(WORK REQUIRED)
With the line containing "Presented in varsity" as the final line, restate exactly every line of the data below from the first one onward, and copy no pictures.

(AVAILABLE DATA)
============
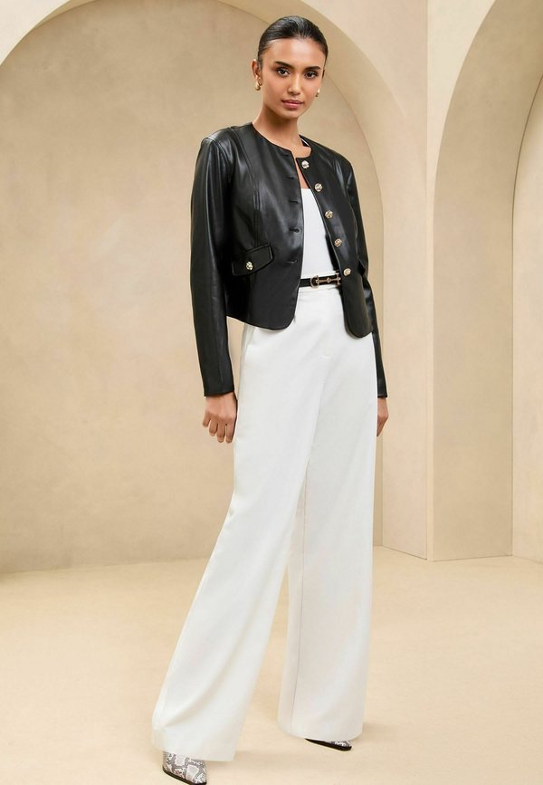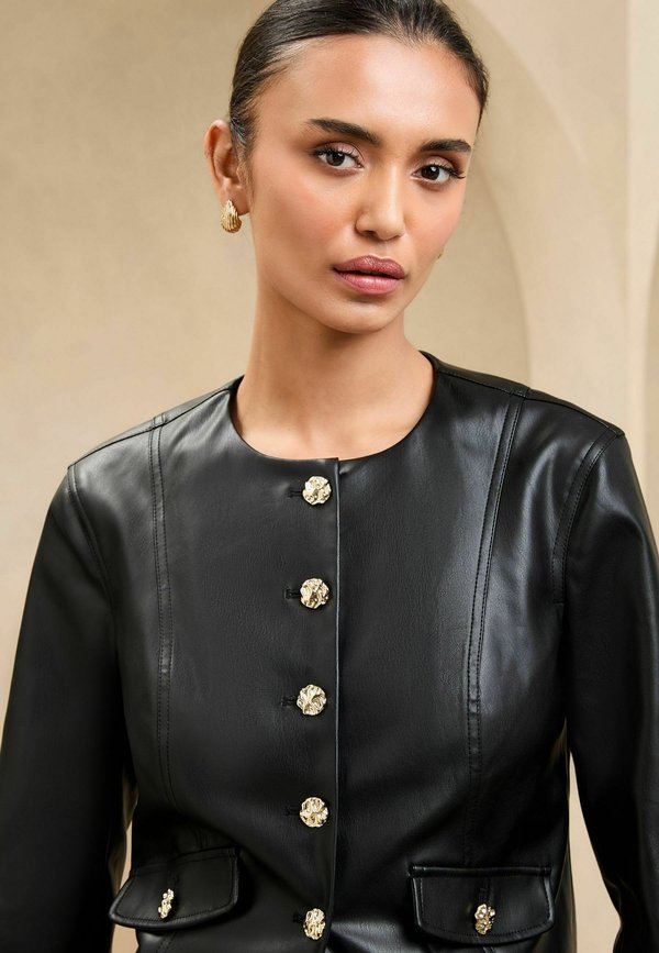 | Color | black faux leather |
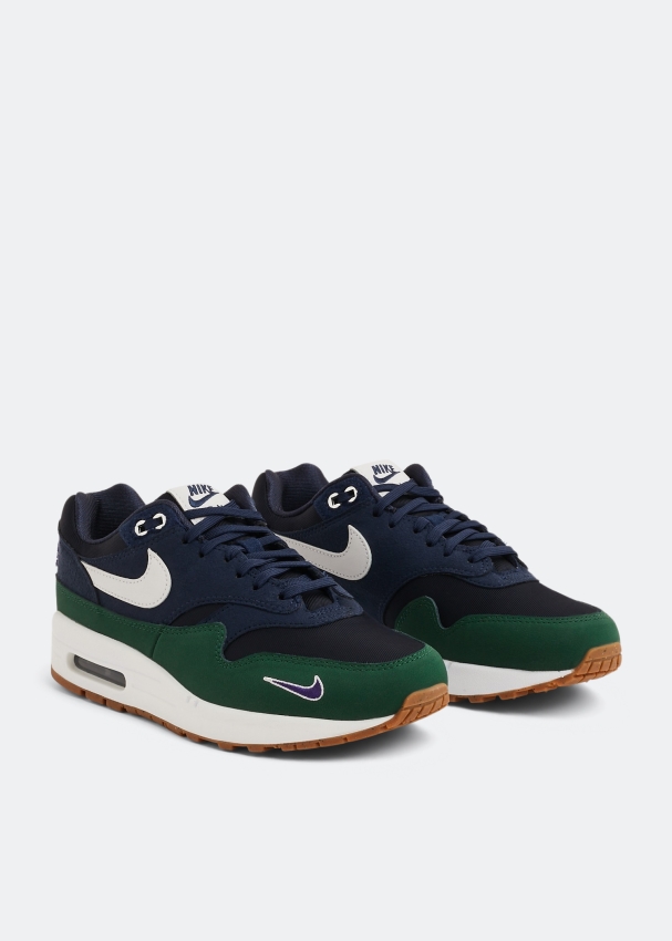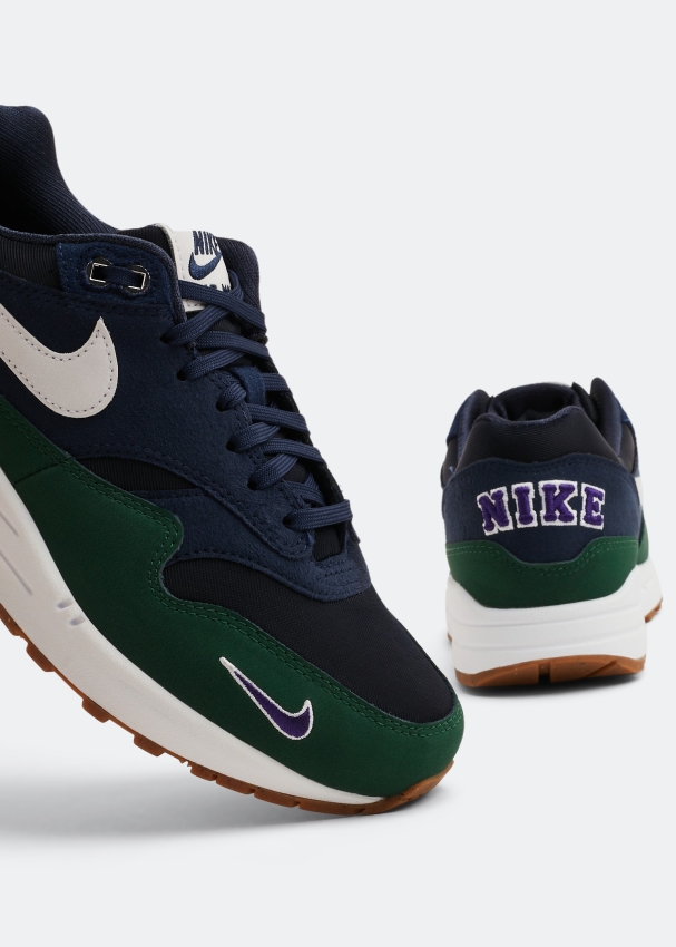 Presented in varsity hues in suede and nylon, these Air Max 1 'Gorge Green' sneakers by Nike are detailed with embroidered accents. The Gum outsole, tried-and-tested cushioning and classic wavy mudguard complete the iconic vintage-inspired style.
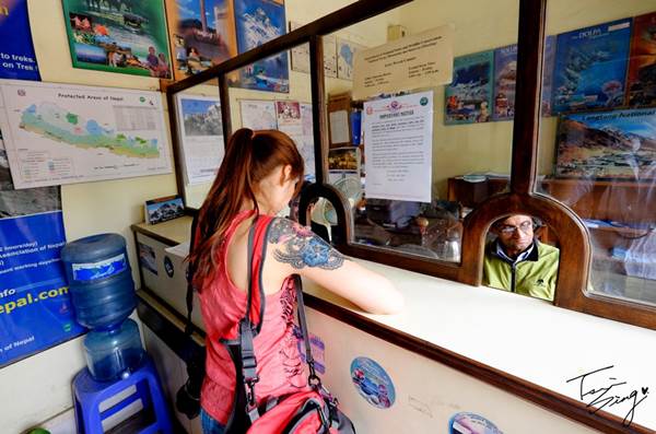 一路從杜巴廣場走到旅客中心,大概也走了一個多小時。這時的加德滿都雖然空氣品質不佳,但幸好不會太熱,讓我們這一個多小時走得很輕鬆。尤其旅客中心真是個好地方,有茶水、咖啡還有果汁,環境也非常清幽,辦好證我們還在裡面待了一會。不過幸好我們有趕上他們的工作時間,因為好像再過不久他們就要下班了。只能說他們的工作時數真短啊!尼泊爾真是個悠哉的國家。
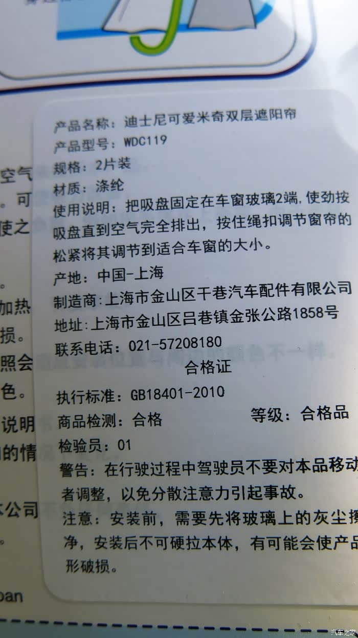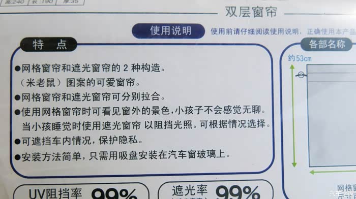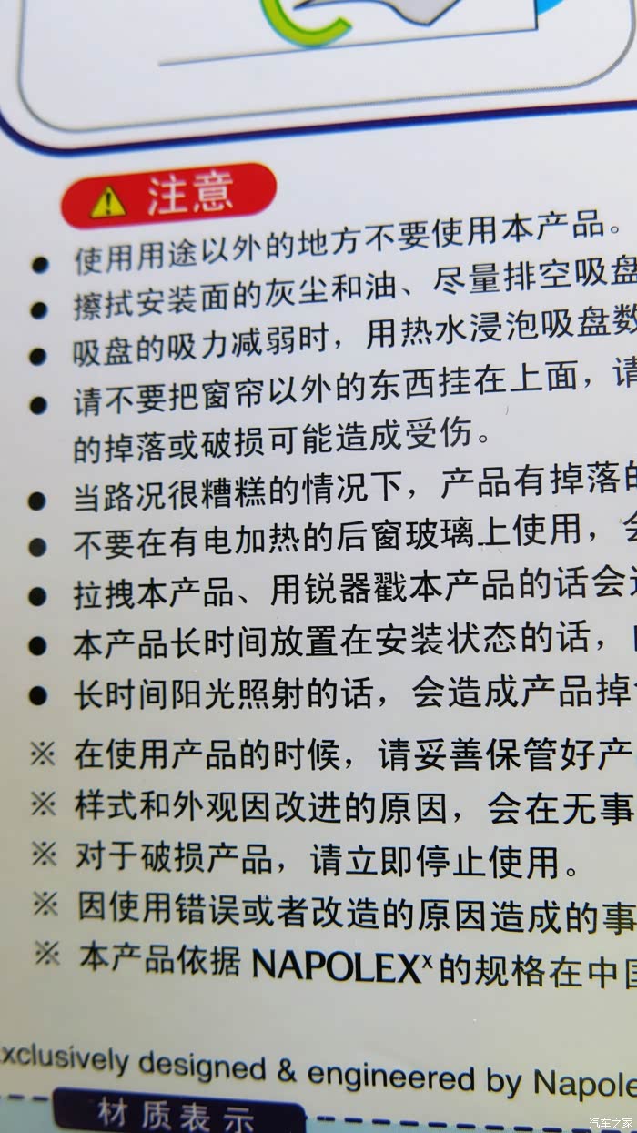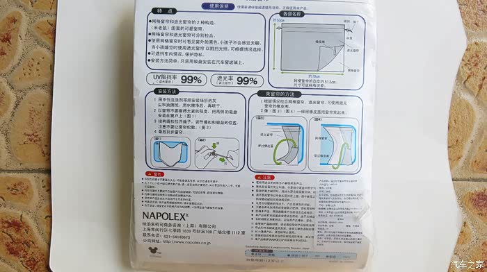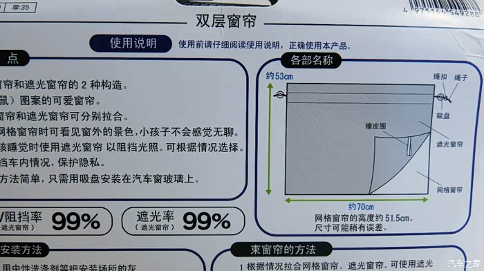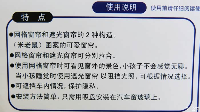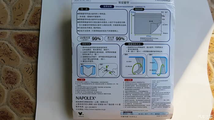 3,窗帘的包装上面就是说明书,包含的内容非常全面细致,如最生产厂家和销售厂家,安装方法,安装注意事项,而且特别强调了可能会出现危险和注意事项等等一些警示说明。特别提示了一些不正确的安装和使用方式可能会影响驾驶安全,会可能伤害儿童等等。
============
(EXERCISE ANSWER)
 | Color | black faux leather |
 Presented in varsity hues in suede and nylon, these Air Max 1 'Gorge Green' sneakers by Nike are detailed with embroidered accents. The Gum outsole, tried-and-tested cushioning and classic wavy mudguard complete the iconic vintage-inspired style.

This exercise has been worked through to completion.